The emotions closest
to the surface for me were helplessness and rage. How could my son possibly be
sent to Rikers? How could he have disappeared into a bureaucracy, worst yet, a
basement, in confinement, and I had absolutely no right to speak to him or have
access to a lawyer? I worried about the worst, and the families around me
confirmed these nightmares. Yes, the conditions below were horrific—those
jailed were in overcrowded and unsanitary quarters with scant food or water,
completely beholden to the discretion of the jailers. No, we have no rights
until after arraignment which could take up to 72 hours, and even then, our
rights are a crapshoot, depending on which courtroom and which judge to whom
one’s prisoner was assigned. Listening and sometimes holding hands with other
mothers, I was told that the daily lives of the families I spoke with were full
of constant abuse, dehumanization, and ever consuming fear for the safety and
well being of their children.
What was most amazing
to me was the help I received in navigating the situation and the solidarity
extended to me, an outsider to the system. It was obvious that I was out of my
element and I turned immediately to others for consolation and commiseration,
but also for advice. When I was advised to go out and retrieve bail money in
anticipation of arraignment, a woman held my prisoner number and promised to
watch the lists for me. She informed me that if there is not a family member
present in the courtroom, it is highly unlikely for the prisoner to be brought
up for arraignment and that my son should not miss his chance while I was out
getting money. I was so discombobulated at the ATM, however, that I locked
myself out of my account using all the wrong passwords and returned with
nothing. A group of people promised to get bail money together, whatever my son
and I needed, so that given the chance we could get out “before night court was
over.” The level of organization and solidarity was striking to me, emerging as
it did under such tense and difficult conditions. I was deeply grateful and
also quite impressed.
Unlike for so many of
the protestors arraigned recently in Baltimore, in my son’s case, bail wasn’t
needed. After 24 hours, we left the Courthouse, all charges (riding a bike on a
sidewalk, petty drug possession, and violation of park curfew) dismissed for
“time served.” We escaped, but families like the ones I met in the Schermerhorn
Courthouse are treated every single day as less than citizens, made to realize,
in a brutal and direct way, that they have diminished control over their
future.

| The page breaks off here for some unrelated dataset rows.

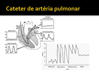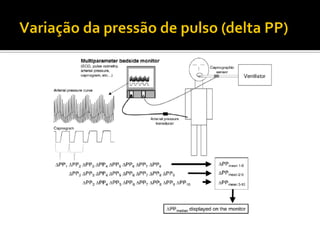 O documento discute métodos de monitoramento hemodinâmico em unidades de terapia intensiva, incluindo monitoramento contínuo de débito cardíaco, métodos para avaliar a resposta ao volume e marcadores metabólicos como lactato e saturação venosa de oxigênio. Vários estudos destacam a importância da validação dos métodos e do uso clínico adequado dos dados obtidos.
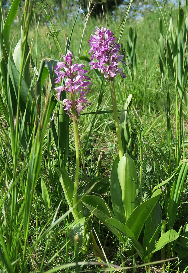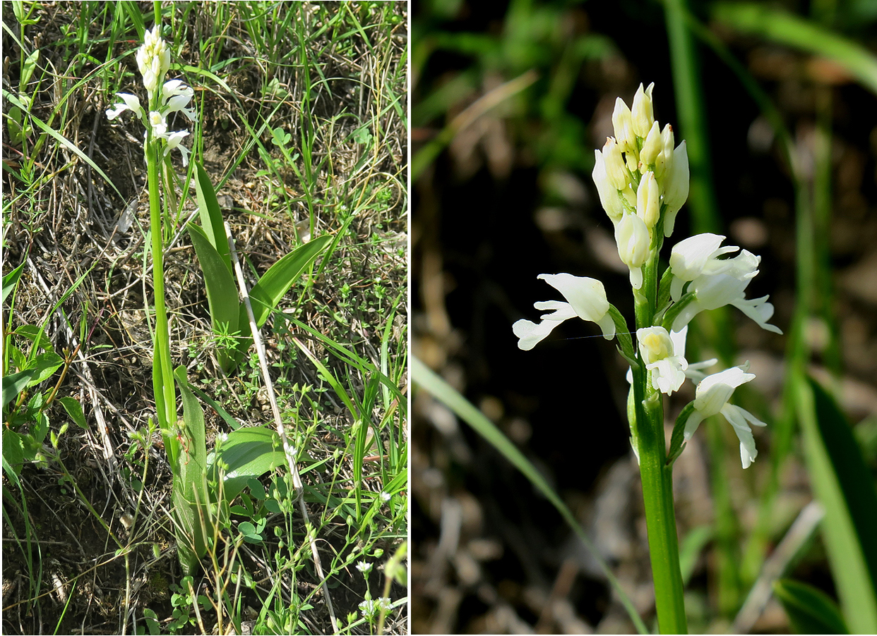 Überraschend entdeckten wir neben den normal gefärbten Orchis militaris ein rein weiß blühendes Exemplar.
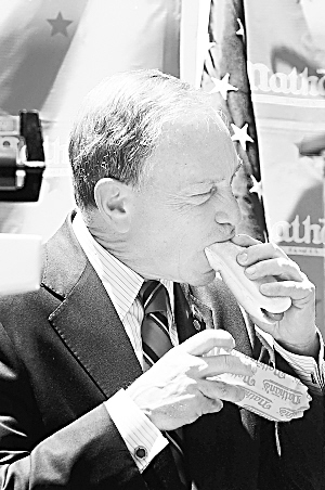 据新华社电 当地时间7月4日,世界吃热狗大赛在美国纽约康尼岛举行。1日,纽约市长布隆伯格参加了大赛的赛前称重仪式,在仪式上他津津有味地嚼起了热狗。
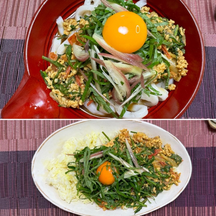5)4をうどんやご飯などにかけ、卵黄、大葉、みょうがをトッピングして完成。
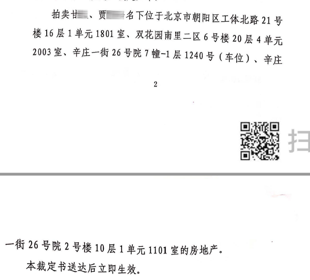 不外,依据法院的执行裁定书,贾跃亭与甘薇正在北京至多有3处房产。除了了泛海国内这套房产,贾跃亭、甘薇位于向阳区工体北路、双花圃南里的房产均被查封,并将拍卖。
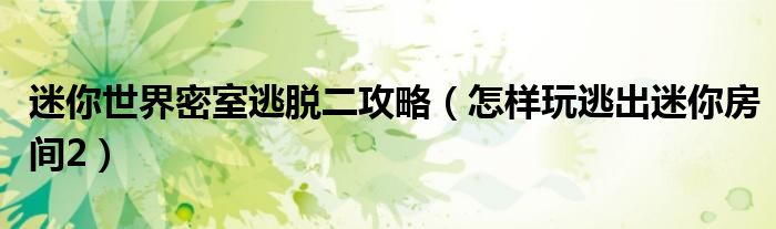 迷你世界密室逃脱二攻略(怎样玩逃出迷你房间2)
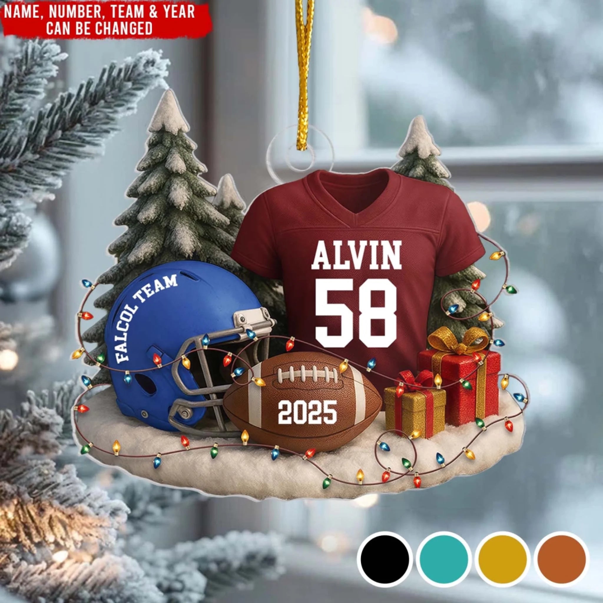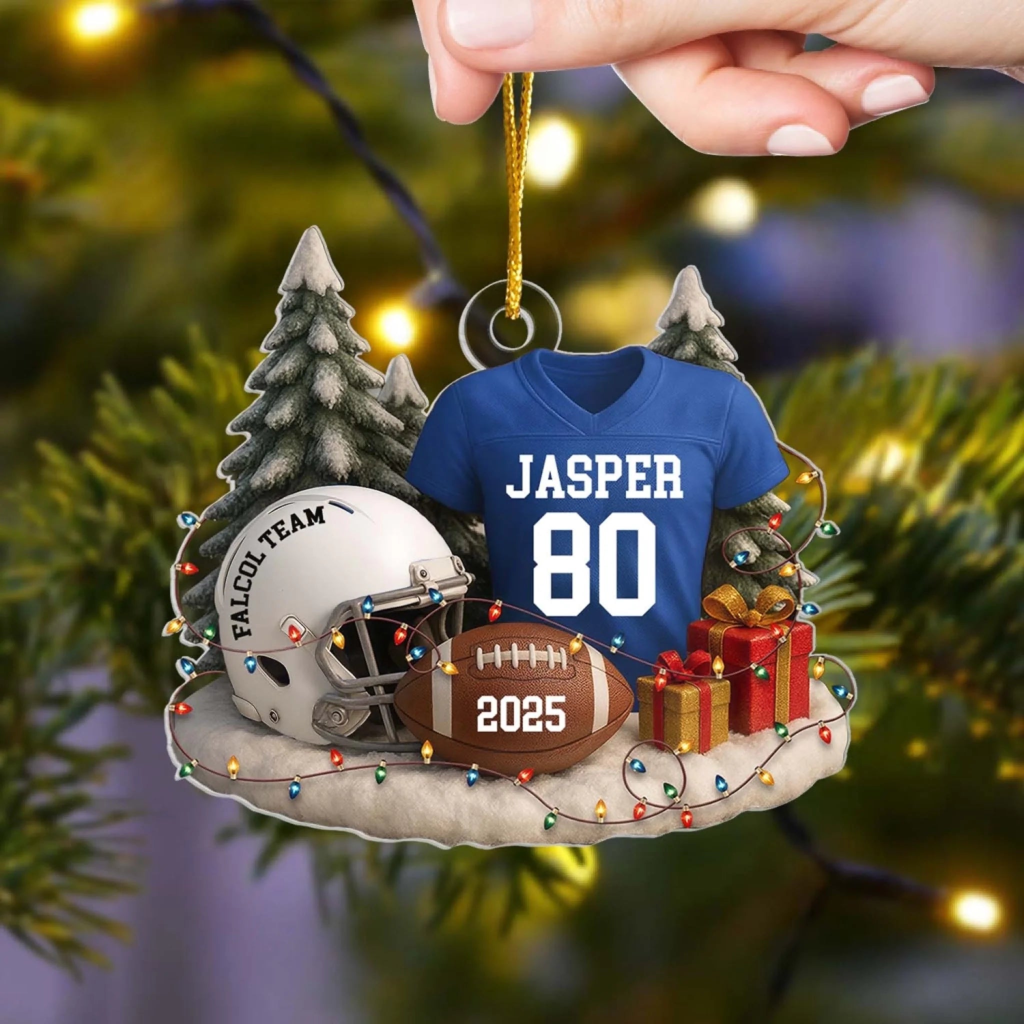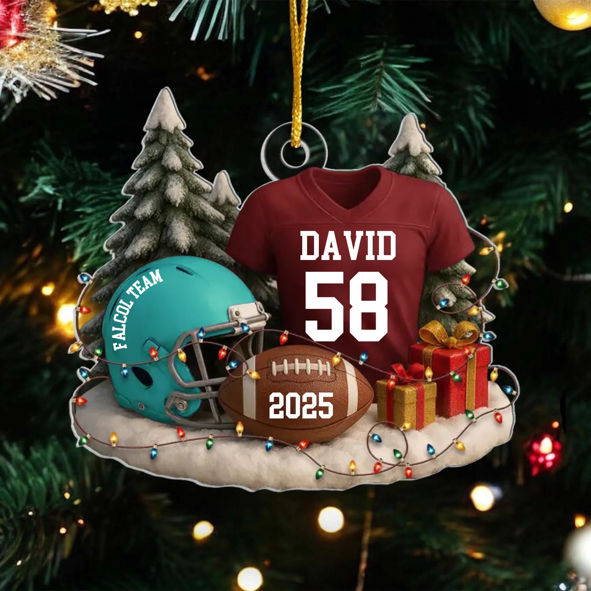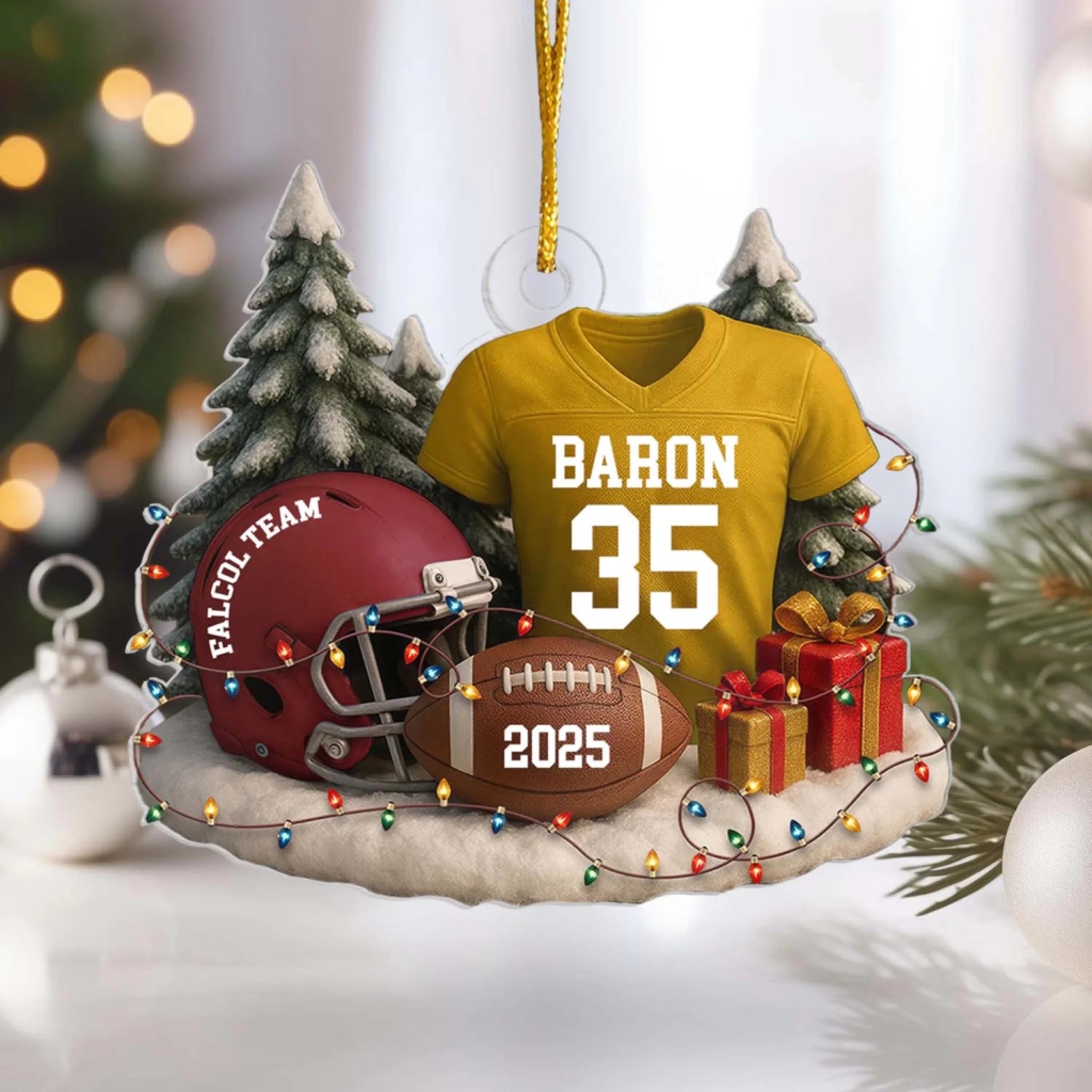Game Day Spirit – Personalized Acrylic Ornament, Custom Name & Team Football Ornament With Jersey & Helmet
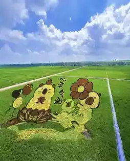 Ride the rice field mini train (35 RMB) through the "Aerospace Breeding" colorful rice fields
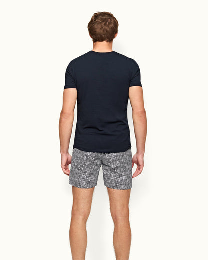 Everyone has a favourite T-shirt. For us at Orlebar Brown it is the round neck OB T. Created exactly right, the OB T has a lean yet relaxed fit, curved shaped hem and is made from a super soft cotton. The perfect companion for any holiday – a classic t-shirt.
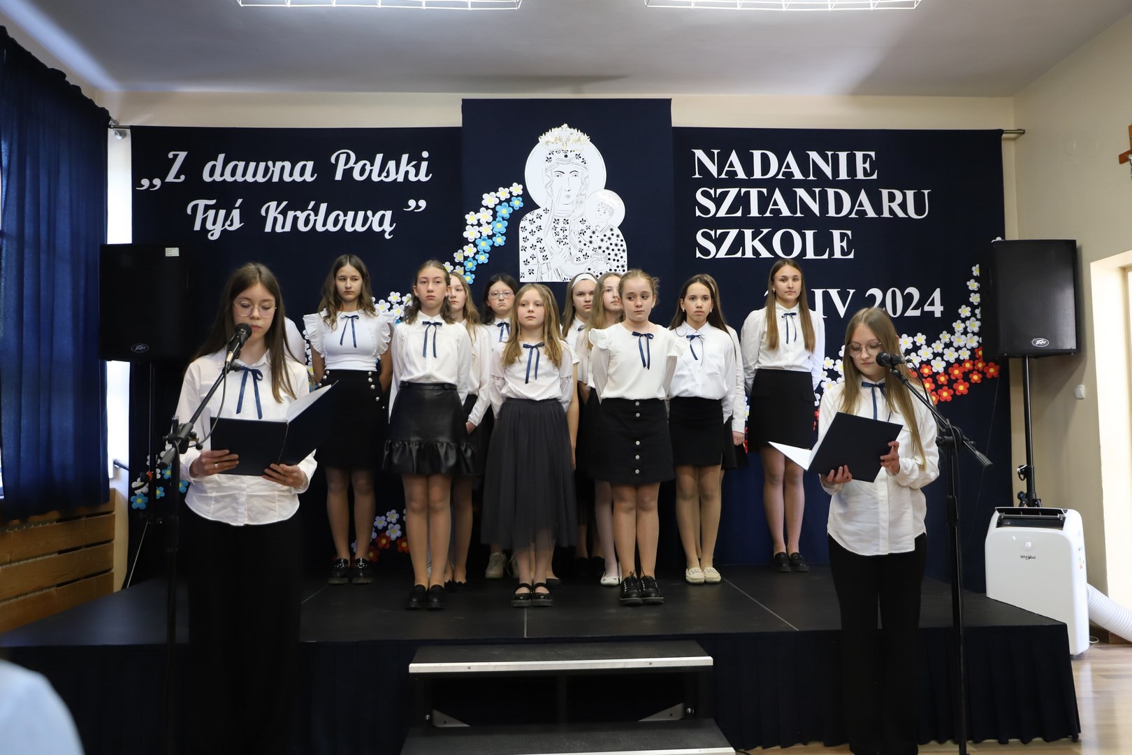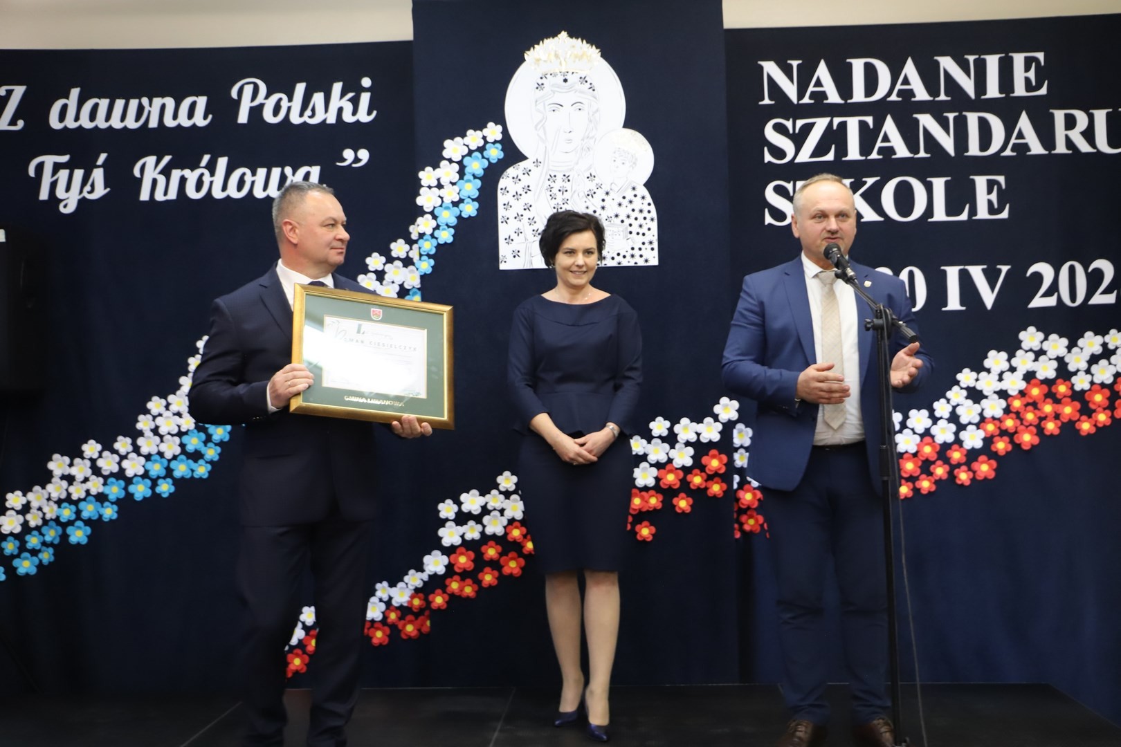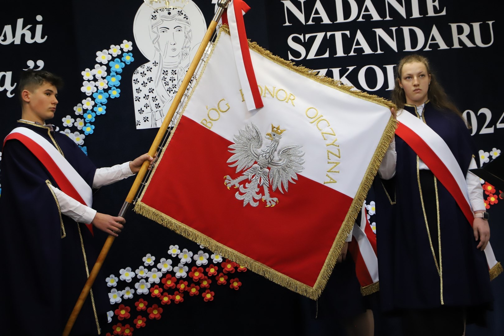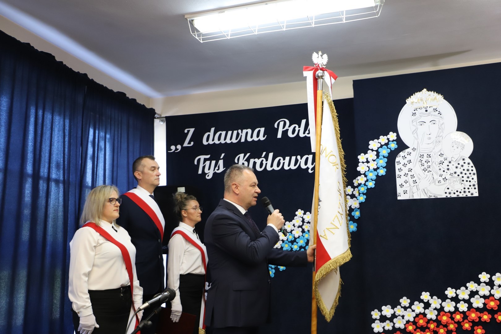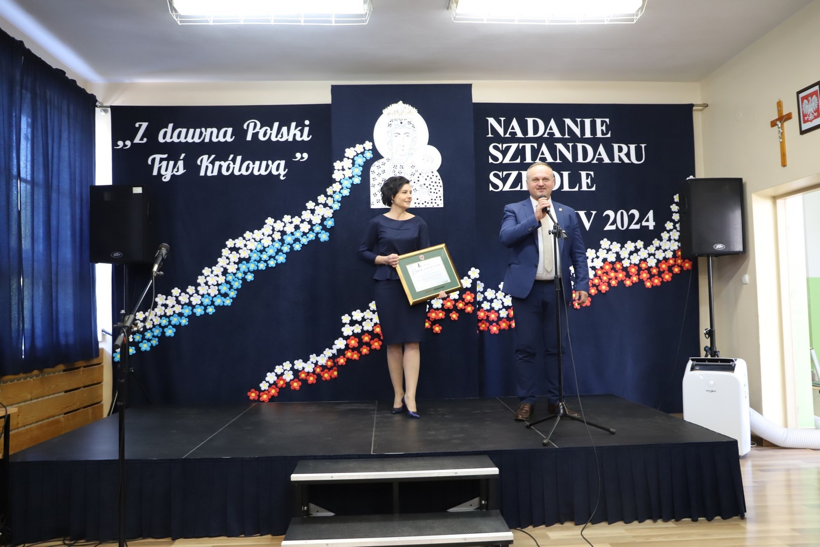 Poświęcenia sztandaru szkoły dokonał ksiądz biskup Leszek Leszkiewicz w czasie mszy św. w kościele parafialnym w Chomranicach, a następnie już w szkole nastąpił uroczysty akt przekazania sztandaru przez rodziców na ręce dyrektora szkoły, Romana Ciesielczyka, który z kolei wręczył sztandar uczniom. Po odśpiewaniu hymnu szkoły wszyscy zgromadzeni mogli obejrzeć część artystyczną w wykonaniu uczniów szkoły, którzy przez swój występ chcieli godnie uczcić ten szczególny dzień. Przedstawili zgromadzonym historię przyjęcia przez szkołę Patronki, wyjaśnili, jak doszło do nadania Matce Bożej tytułu Królowej Korony Polskiej oraz nawiązali do rocznicy uchwalenia Konstytucji 3 Maja. Historyczne wydarzenia były przeplatane wierszami tematycznymi oraz pieśniami ku czci Patronki szkoły w wykonaniu szkolnego chóru. Na podsumowanie tej części wszyscy odśpiewali hymn państwowy.
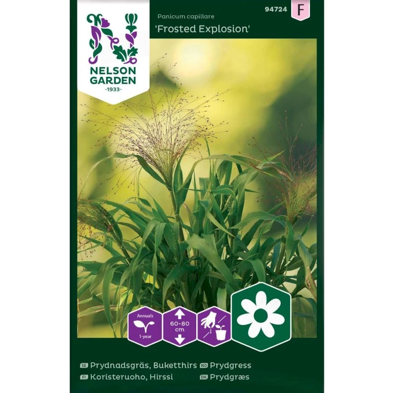 Lækker sort af hirse med dekorative fjerduske. Smuk i bede og potter sammen med sommerblomster og stauder eller som solist. Holdbar i buketter. Trives i næringsrig, veldrænet jord, er nøjsom.
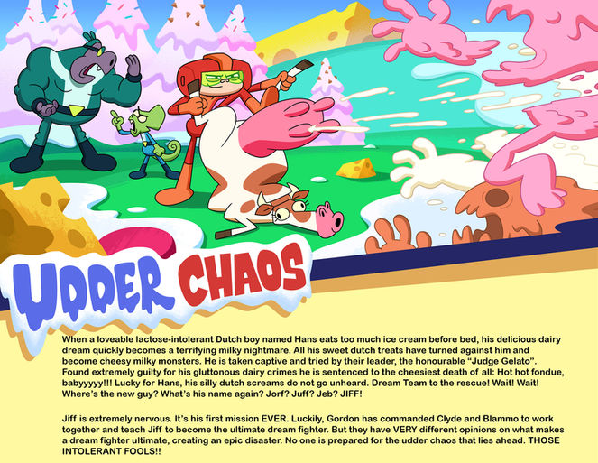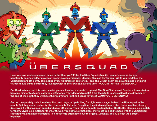 An Elite squad of Best Buds that travel through the dream world to defeat evil nightmares. Every episode, their leader GOR-DON, an all-knowing blob of goo, detects a nightmare and sends the team to do what they do best: terminate it...with ULTRAFORCE!!
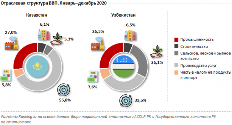 У Узбекистана в отраслевой структуре ВВП за январь - декабрь 2020 года доля услуг составляла чуть более трети, при этом в реальном выражении сектор услуг был в плюсе на 0,1 процента по сравнению с аналогичным периодом 2019 года. Доля промышленности в ВВП составила 26,3 процента (плюс 0,7 процента), сельского, лесного и рыбного хозяйства - 26,1 процента (плюс три процента), строительства - 6,5 процента (плюс 9,2 процента).

Parents know all too well the anxiety of feeling they cannot even keep
their children safe, much less hope for a decent education and good jobs. Just
for a moment I shared their fate and had to bear the burden of this intense
feeling of helplessness, but thankfully, my son and I were able to walk
away.
Most of what white
Americans hear, see, and read is framed by the dominant media with its racist
and classist assumptions about the sanctity of property and respect for the
law, a position that disavows state violence while highlighting the violence of
protestors and “rioters.” The media framing of Toya Graham’s actions are a case
in point. How can we begin to understand the conditions of life in Black
America without hearing from those directly affected and trying to understand
their perspectives?
To ignore the daily
conditions of life for non-white and poor Americans is a national crime. My
experience with the police state in New York City has profoundly affected how I
have understood events in Baltimore in response to the murder of Freddie Gray,
and the many other black lives lost this year (and every year) to police
violence. Because of my experience, the physical violence of incarceration and
the emotional violence inflicted on families are now a little closer for me in
my imagination. Having experienced police power more directly, even though only
for a short moment, the irruption of the anger of those who live within this
“other America” seems to me viscerally clear and compelling. These are the
responses from the depths of America’s gulag.